A Levels in Religious Studies

On 19 August the Joint Council for Qualifications (an umbrella body for the seven largest providers of qualifications in the UK) released the summer 2010 results for A Levels and seven other advanced qualifications. They will be found at:


The statistics cover all UK candidates, but are predominantly for England, Wales and Northern Ireland (there is a separate Scottish Qualifications Authority). In addition to the UK tables, there are disaggregations for each of these three home nations.

The media debate on the figures has revolved around further evidence of ‘grade inflation’ (reflected in yet another increase in the pass rate and the introduction of the new A* grade) and the excess of demand from successful candidates over the supply of university places.

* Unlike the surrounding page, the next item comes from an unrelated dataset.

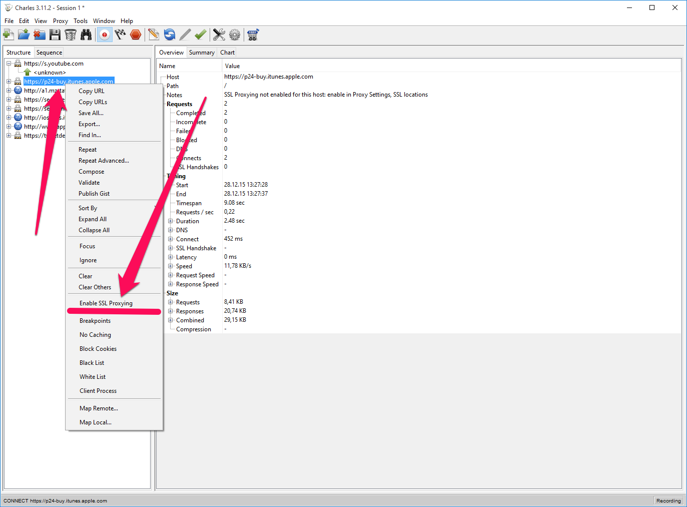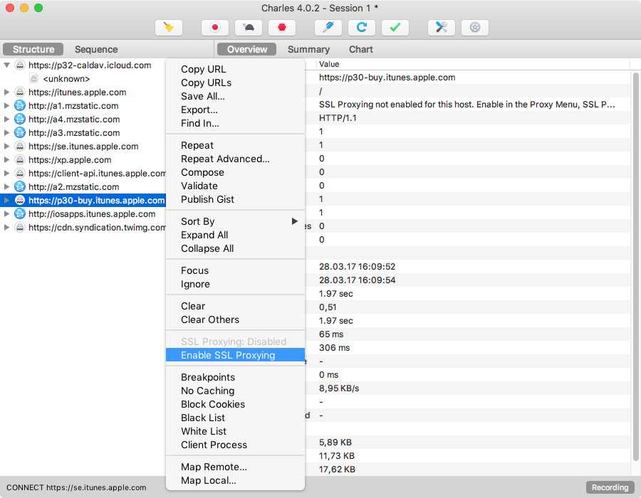 Перейдите к программе Charles и в панели Structure (слева) найдите строчку содержащую «buy.itunes.apple.com». Кликните на ней правой клавишей мыши и выберите пункт Enable SSL Proxying
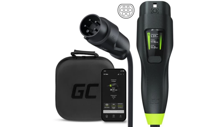 Green Cell GC Habu Ładowarka Mobilna EV 11kW 7m Typ2 CEE16A Wallbox z Aplikacją do Tesla Model Y 3 S X, Kia EV6, Ford Mach-E

Our principal interest in the A Level results is naturally in those for Religious Studies (RS). Here are some of the headlines for 2010:

  • There were 21,233 candidates in RS, equivalent to 2.5% of all candidates, a proportion exceeded by 14 subjects (English being the highest, 10.5%) but larger than for 21 others
  • 32.0% of RS candidates were males and 68.0% females, compared with a 46.1/53.9 gender split for all subjects, although RS was less ‘feminized’ than Art and Design (72.8%), Psychology (73.1%) and Sociology (75.3%)
  • The number of RS candidates was just 154 (or 0.7%) more than in 2009, in line with the modest 0.8% rise for all subjects
  • 98.3% of RS candidates gained A*-E passes, 97.6% of males and 98.6% of females, whereas the average pass rate for all subjects was 97.6%
  • The pass rate for RS was slightly lower than for most other Arts subjects, the highest being Communication Studies (99.3%), but generally better than for non-Arts subjects
  • 27.5% of RS candidates obtained A* or A grades, slightly above the average for all subjects (27.0%), albeit only half the number in Further Mathematics and some foreign languages
  • 0.8% more RS candidates obtained the top grade in 2010 than in 2009, greater than the 0.3% improvement across all subjects

Of the non-A Level qualifications reported, numerically the most important are AS Levels. There were 27,742 candidates in RS this summer, representing 2.3% of all candidates. Of these, 92.5% obtained A-E grades, better than the pass rate for all subjects of 88.2%, the figures for RS being 90.7% for males and 93.4% for females.

RS A level results for 1993-2009 are available on the BRIN website at:


The chart there shows that the number of RS candidates has more than doubled since the early 1990s, especially among females. It is likely that this trend owes much to the growth of non-Christian faiths in Britain during these years, particularly Islam (whose adherents are so preponderantly youthful).